RL Weekly 18: Survey of Domain Randomization Techniques for Sim-to-Real Transfer, and Evaluating Deep RL with ToyBox
Domain Randomization for Sim2Real Transfer
What it is
Lilian Weng, a researcher at OpenAI, wrote a blog post summarizing various Domain Randomization methods for Sim-to-Real transfer. Sim-to-Real is a method of pretraining agents in simulated environments and fine-tuning them in the real world. Domain Randomization is a technique of creating a variety of simulation environments by randomizing various properties. By training a model that performs well on all these environments, we expect that the model will also perform well on real environment.
The blog post explains the reasoning behind domain randomization, and introduces Uniform Domain Randomization and Guided Domain Randomization. Uniform Domain Randomization uniformly samples various simulation parameters to randomize the environment.
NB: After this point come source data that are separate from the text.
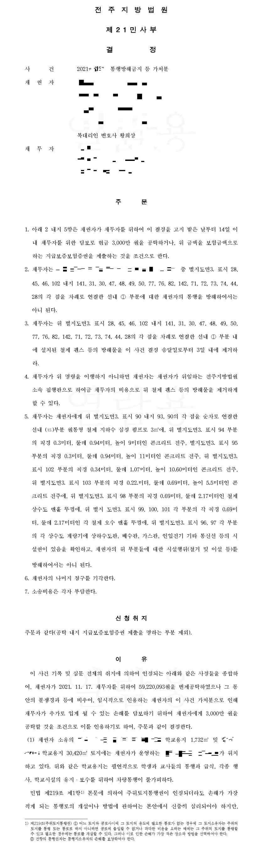 [] 주위토지통행권확인, 통행방해금지, 수도등시설권확인 가처분 / 승소
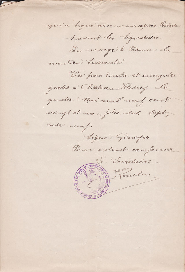 A partir de ce moment, les documents manquent actuellement. La prochaine trace esr l’enregistrement chez Maître Notta à Château-Thierry de la vente par adjudication le 12 décembre 1924.
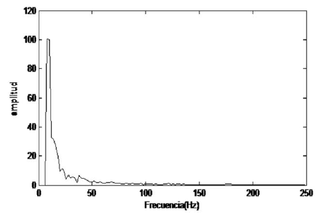 Para el rango entre 0 y 0,5 s se obtiene una frecuencia de 7.97 Hz para la máxima amplitud. El rango entre 1 y 1,5 s se obtiene una frecuencia de 9.96 Hz para el máximo valor de amplitud.
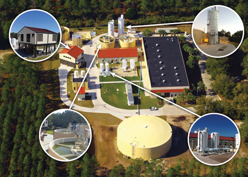 An aerial view of WTP No. 2 shows many of the facilities built to treat and recover the plant’s RO concentrate as an alternative water supply using the ZLD process, including (clockwise from top left) a sludge dewatering facility, a lime silo, a posttreatment and ultrafiltration building, and solids contact clarifiers.
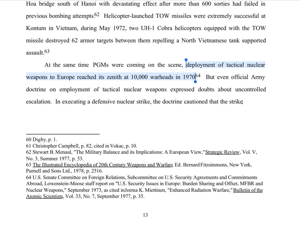In a late 2004 "Nuclear Notebook" in @BulletinAtomic, Stan Norris and @nukestrat wrote, "In 1971, the number of U.S. nuclear warheads based in Europe peaked at approximately 7,300 ... . By the late 1970s, this number had dropped to about 6,000." 1/2pic.twitter.com/vKpsGW0HwT

Guided Domain Randomization replaces the uniform sampling and “guides” parameters so that the randomized simulated environments are realistic.
Why it matters
In many real application of RL (especially robotics), it is impractical to train the agent in the real world, as the real world cannot be sped up. This is especially the case for robotics, since robots are expensive and can wear out from numerous operations. Thus, sim-to-real techniques are essential methods to increase real-world sample efficiency. Among various sim-to-real methods, domain randomization is particularly attractive as it requires little to no real data.
- sim2realAI: This website indexes progress of sim-to-real transfer.
ToyBox for Experimental Evaluation of Deep RL
What it is & Why it matters
The Arcade Learning Environment (ALE) has been the standard test suite for evaluating deep RL algorithms. Although ALE has accelerated the development of algorithms, it is not very customizable, making in difficult to qualitatively analyze the agent’s abilities. Researchers at University of Massachusetts Amherst created ToyBox, a faster, highly customizable, drop-in replacement for Atari Breakout, Amidar, and Space Invaders.
- Toybox: A Suite of Environments for Experimental Evaluation of Deep Reinforcement Learning (ArXiv Preprint)
- Arcade Learning Environment (GitHub Repo)
- OpenAI Gym: Atari Environments
- Revisiting the Arcade Learning Environment: Evaluation Protocols and Open Problems for General Agents
Some more exciting news in RL:
- DeepMind published Meta-learning of Sequential Strategies, reviewing the capabilities of memory-based meta-learning.
- Week 11 of UC Berkeley’s Deep Unsupervised Learning course have been published, which reviews Representation Learning in Reinforcement Learning.
- MineRL Competition page was revealed. The competition starts on June 1st.
- Task Agnostic Reinforcement Learning Workshop was held in ICLR2019. The workshop videos are up at SlidesLive!
- Researchers at KAIST showed that dimensional-wise importance sampling weight clipping can improve the performance of PPO.